EXERCISE DETAILS:
Starting at the line that contains "在借款本金、利息及房屋抵顶等", copy every line to the end of the material below exactly, and omit the pictures.

INFORMATION SHOWN:
● ● ● ● ● ● ●
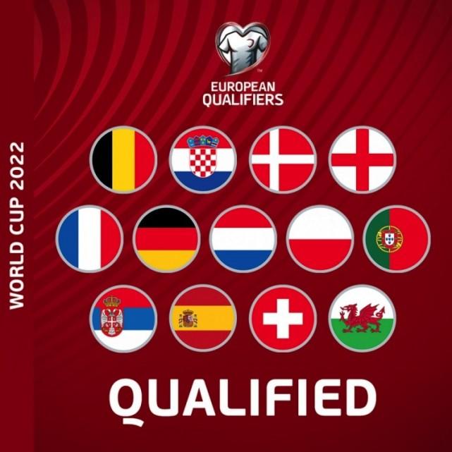 自此,世界杯欧洲区的13支出线队全部出炉。分别为:荷兰(A4)、英格兰(B1)、威尔士(B4)、波兰(C4)、法国(D1)、丹麦(D3)、西班牙(E1)、德国(E3)、比利时(F1)、克罗地亚(F4)、塞尔维亚(G2)、瑞士(G3)、葡萄牙(H1)。其中葡萄牙、波兰和威尔士是通过附加赛拿到世界杯门票。
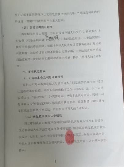 在借款本金、利息及房屋抵顶等关键事实认定上,原判决举证责任分配明显不当。举报人已提供部分转账记录、借款合同等证据,被申请人提出异议后,二审法院未合理要求被申请人提供反驳证据,反而过度加重举报人的举证责任,导致案件事实未能准确查明。在房屋抵顶问题上,举报人提供初步证据证明未实际履行后,二审法院未要求被申请人进一步举证证明协议有效性及履行情况,错误将举证不能后果强加给举报人,违反民事诉讼法举证责任分配原则。
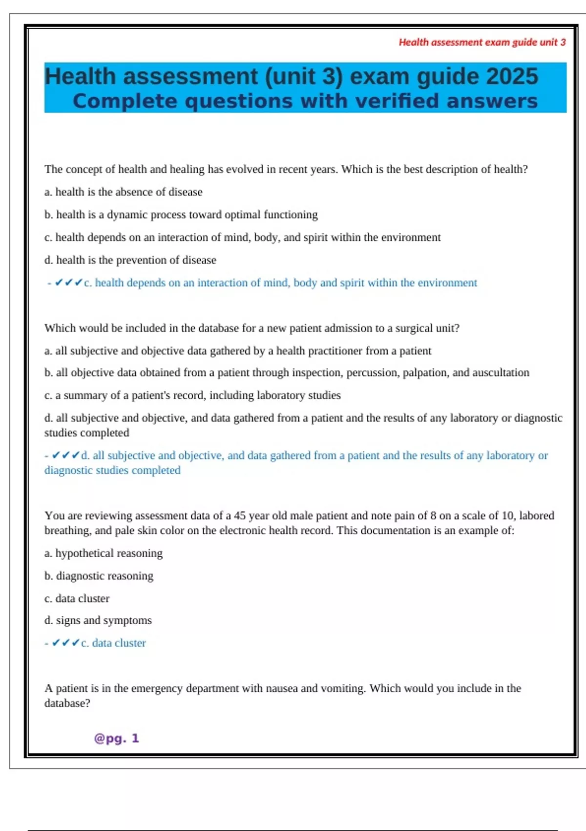 Health assessment (unit 3) exam guide 2025
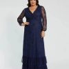Mac Duggal Women’s Dresses Beige Illusion Floral Midi Dress With Ruffle Detailing | Beige Multi
● ● ● ● ● ● ●
SOLUTION FOR THIS PROBLEM:
 在借款本金、利息及房屋抵顶等关键事实认定上,原判决举证责任分配明显不当。举报人已提供部分转账记录、借款合同等证据,被申请人提出异议后,二审法院未合理要求被申请人提供反驳证据,反而过度加重举报人的举证责任,导致案件事实未能准确查明。在房屋抵顶问题上,举报人提供初步证据证明未实际履行后,二审法院未要求被申请人进一步举证证明协议有效性及履行情况,错误将举证不能后果强加给举报人,违反民事诉讼法举证责任分配原则。
 Health assessment (unit 3) exam guide 2025
Mac Duggal Women’s Dresses Beige Illusion Floral Midi Dress With Ruffle Detailing | Beige Multi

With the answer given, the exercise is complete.